Working in a really close team was very rewarding and she dealt with being away with phonecalls, letters and keeping busy.

“We’d work during the day and then everyone would get together and watch movies or play volleyball after work – you just do things to keep the hours ticking by. When you’re with the people you’re working with, they understand the different challenges you’re facing. Because you know each other, you end up watching out for each other.”

The clinical work when deployed is similar to the regular day job, treating people for musculoskeletal injuries.

“But over there, a lot of it is giving reassurance. People get sore knees from being out carrying a whole lot of kit and stiff spines from carrying the load and sleeping in camp cots. So it’s reassuring people that when they get back home things sort themselves out.”

Anna always felt safe and well-looked after while deployed.

“Generally we were back [from the frontline] – it wasn’t like we were in the middle of a conflict zone. Although somewhere like Afghanistan there’s always potential isn’t there? You have basic training for that.”
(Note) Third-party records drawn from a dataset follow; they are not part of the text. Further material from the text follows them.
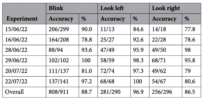 對6組不同日期的單受試者數(shù)據(jù)進(jìn)行檢測,整體準(zhǔn)確率表現(xiàn)為:眨眼88.7%(808/911)、左看96.9%(281/290)、右看86.5%(256/296),單組實(shí)驗(yàn)中各動作最低準(zhǔn)確率分別為眨眼78.8%、左看84.6%、右看77.8%;煜仃囷@示,誤分類多因多個眼動事件連續(xù)發(fā)生導(dǎo)致,少量右看和眨眼事件被誤判為左看,無左看事件被誤判為眨眼的情況。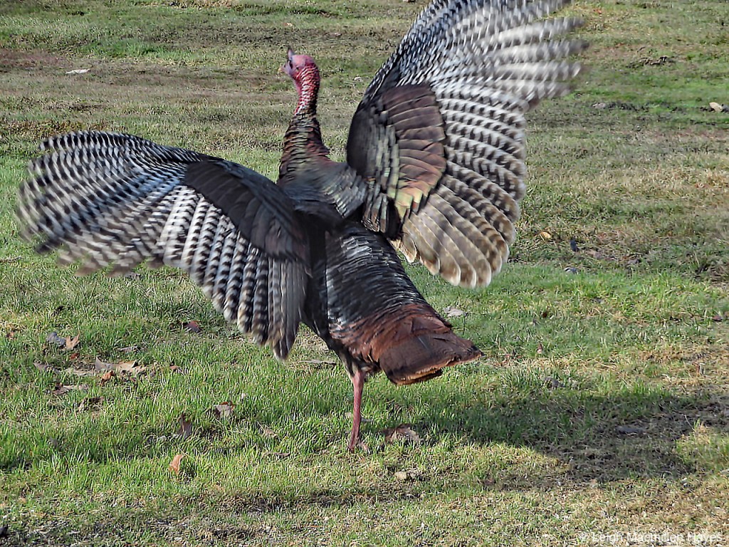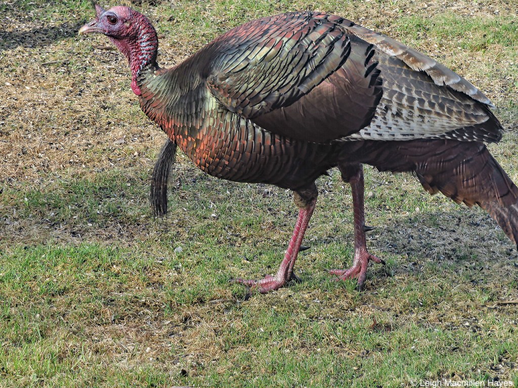 No, it’s not my guy, but another handsome fellow named Jake. At least I think that’s his name, based on the length of his beard, short conical spurs on the backs of his legs, and light red and blue head, which would be much brighter for his elder named Tom. It doesn’t matter for in the morning sunlight he gleams and makes me realize that he embodies every color of the rainbow.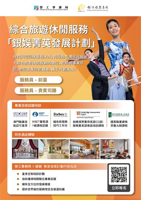 【本報訊】勞工事務局(下稱“勞工局”)與銀河娛樂集團(下稱“銀娛”)合作推出“銀娛菁英發展計劃(酒店營運)”(下稱“計劃”),以“先入職、後培訓”方式,協助本澳居民提升專業技能與促進其職業生涯向上流動,該計劃由明(10)日起接受網上申請。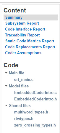 このレポートには、EmbeddedCoderIntro.c、関連するユーティリティとヘッダー ファイル、トレーサビリティと検証レポートが含まれます。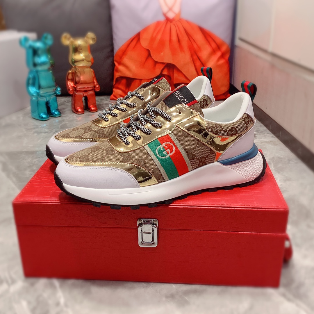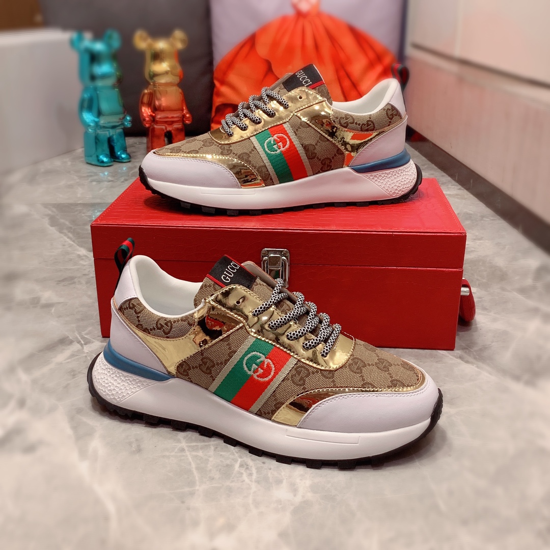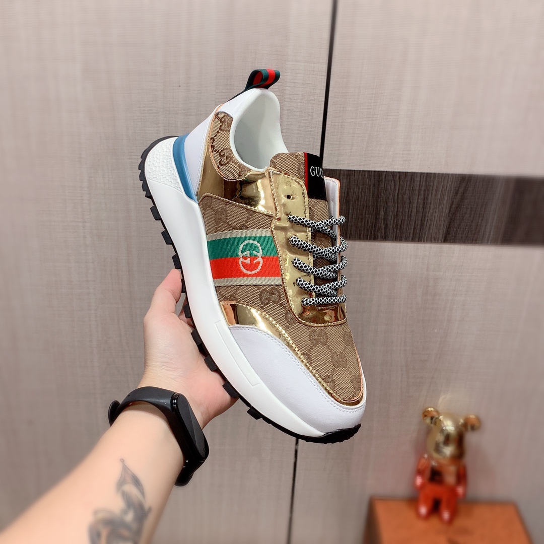 I5 Gucci 古奇 最新爆款休闲鞋,顶端品牌奢侈~代购,顶级~质量。专柜同卖产品鞋面選用进口透气牛皮搭配布面料材质透气羊皮内里精细做工。原版个性时尚柔软橡膠耐磨防滑大底,上脚轻巧舒适,实物拍摄實物更好看,004广州码: 38-44。2色入选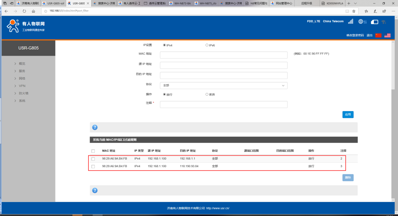 7、按照軟件設計手冊中的端口過濾的說明,添加后PC仍然可以ping通并訪問G805

She says she would like to be deployed with the New Zealand Defence Force.

“That’s one of the things we’re looking at, at the moment, trying to develop that deployable capability.”

In New Zealand, she works as part of a multi-disciplinary team, with a lot of liaison with the army doctors, nurses and medics.

One of the different things about working in the army is talking with patients’ bosses about what they can and can’t do after an injury or surgery.

“There is a lot of liaising that goes back and forward with this job. [Outside the military] if someone’s rolled their ankle playing tennis it doesn’t impact their job – it’s not so difficult. Whereas if you’ve got a soldier who’s rolled an ankle and is supposed to be going on field exercises and can’t, that’s when you really have to talk to people’s bosses.”

She sees a lot of lower limb injuries and lower back problems – degenerative knee or back conditions in older soldiers and medial tibial stress syndrome in younger ones.

“Because the recruits generally haven’t been wearing boots or carrying packs previously, all of a sudden you change their footwear and put this load on them and then you see injuries as a result.”

Anna looks at what caused the injury and picks up on trends – assessing why injuries are happening and mitigating against them, with the aim of preventing injuries in the first place.

“Things like footwear are reviewed and we’ve had input into boots and changing the programme so there’s not so much loading all stacked up.”

In returning servicemen she sees a lot of knee and Achilles problems because they are in boots for longer periods.

“Because they’re going out on patrol, and they’ve got body armour and weight on as well, they’re quite stiff through their thoracic spine.”